### Material provided
━━━━

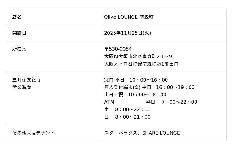 株式会社三井住友銀行(頭取 CEO:福留 朗裕、以下「三井住友銀行」)は、2025年11月25日に、三井住友銀行と三井住友カードの共同商品「Olive(オリーブ)」をモチーフとした新しいコンセプトの個人のお客さま向け店舗「Olive LOUNGE(オリーブ ラウンジ)南森町」を開設することを、お知らせいたします。銀行とスターバックス、SHARE LOUNGEが一体になった店舗として、多様な人が心地よく過ごせる場を目指します。
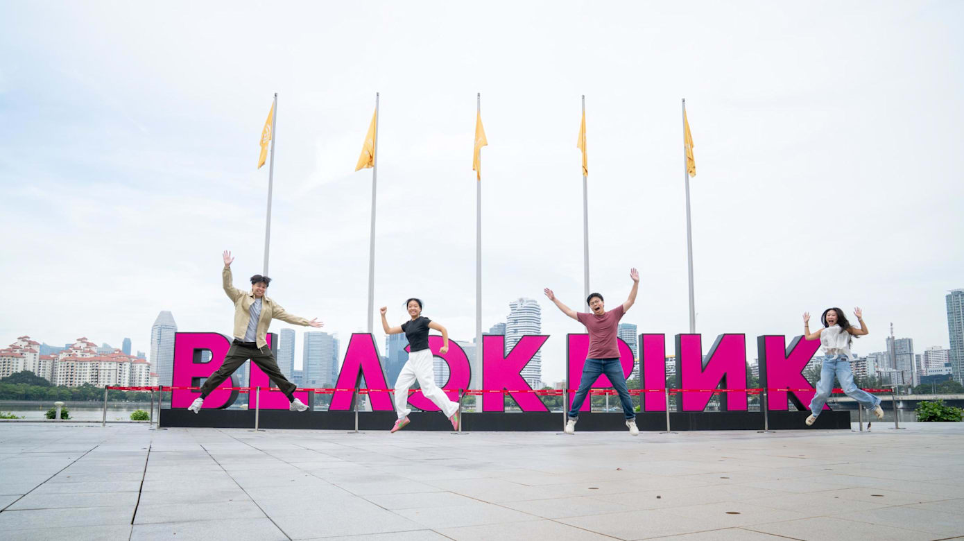 BLACKPINK in your area!K-pop最夯女团11月28日登陆本地一连举办3场“Deadline”演唱会,全岛也掀起粉色旋风,从樟宜机场到国家体育场周边都有应援活动,全城能感受BLACKPINK魅力。
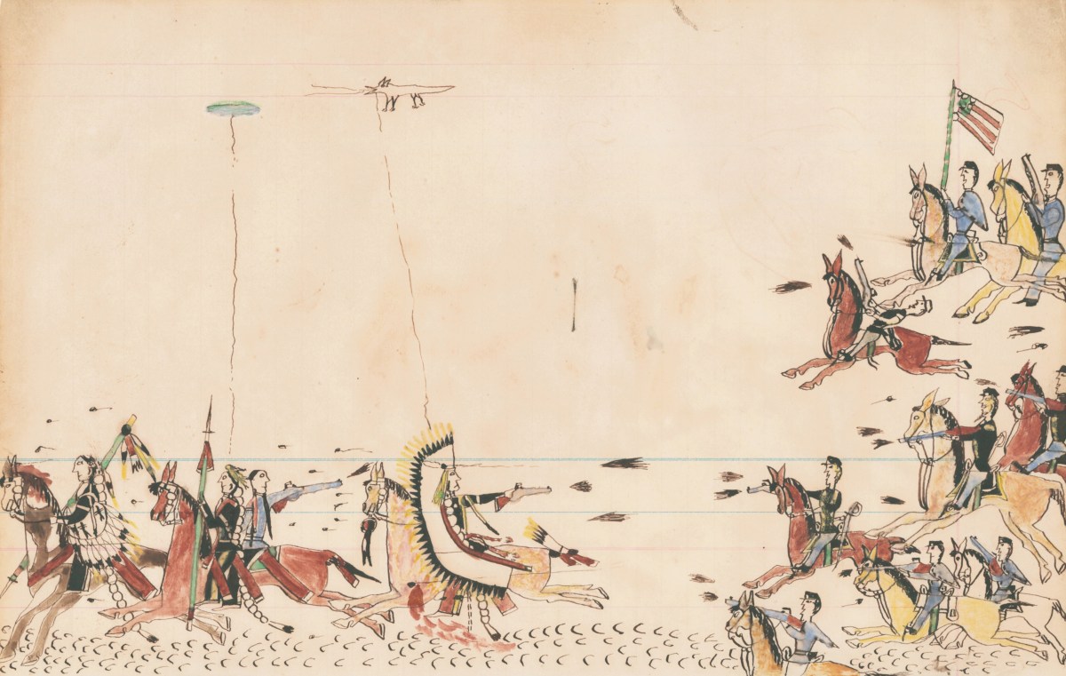 LEDGER DRAWINGS–SO NAMED BECAUSE THEY WERE MADE ON PAGES OF OLD LEDGER or account books—flourished as an art form among the Plains Indians in the second half of the 19th century. The drawings, made with pencil, ink, and watercolor, were a way for warriors to memorialize their deeds. Howling Wolf, a Southern Cheyenne warrior, is considered to be one of the most important ledger-book artists of the era.
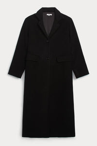 The Ottilie longline coat is a timeless outerwear piece, made from a luxurious wool blend. With a button-front closure, slit pockets, and a charming detail at the back, this coat combines sophistication and practicality.

━━━━

### What this task involves
No pictures, please. Output the listing above exactly as it stands.

### Answer for the task
 株式会社三井住友銀行(頭取 CEO:福留 朗裕、以下「三井住友銀行」)は、2025年11月25日に、三井住友銀行と三井住友カードの共同商品「Olive(オリーブ)」をモチーフとした新しいコンセプトの個人のお客さま向け店舗「Olive LOUNGE(オリーブ ラウンジ)南森町」を開設することを、お知らせいたします。銀行とスターバックス、SHARE LOUNGEが一体になった店舗として、多様な人が心地よく過ごせる場を目指します。
 BLACKPINK in your area!K-pop最夯女团11月28日登陆本地一连举办3场“Deadline”演唱会,全岛也掀起粉色旋风,从樟宜机场到国家体育场周边都有应援活动,全城能感受BLACKPINK魅力。
 LEDGER DRAWINGS–SO NAMED BECAUSE THEY WERE MADE ON PAGES OF OLD LEDGER or account books—flourished as an art form among the Plains Indians in the second half of the 19th century. The drawings, made with pencil, ink, and watercolor, were a way for warriors to memorialize their deeds. Howling Wolf, a Southern Cheyenne warrior, is considered to be one of the most important ledger-book artists of the era.
 The Ottilie longline coat is a timeless outerwear piece, made from a luxurious wool blend. With a button-front closure, slit pockets, and a charming detail at the back, this coat combines sophistication and practicality.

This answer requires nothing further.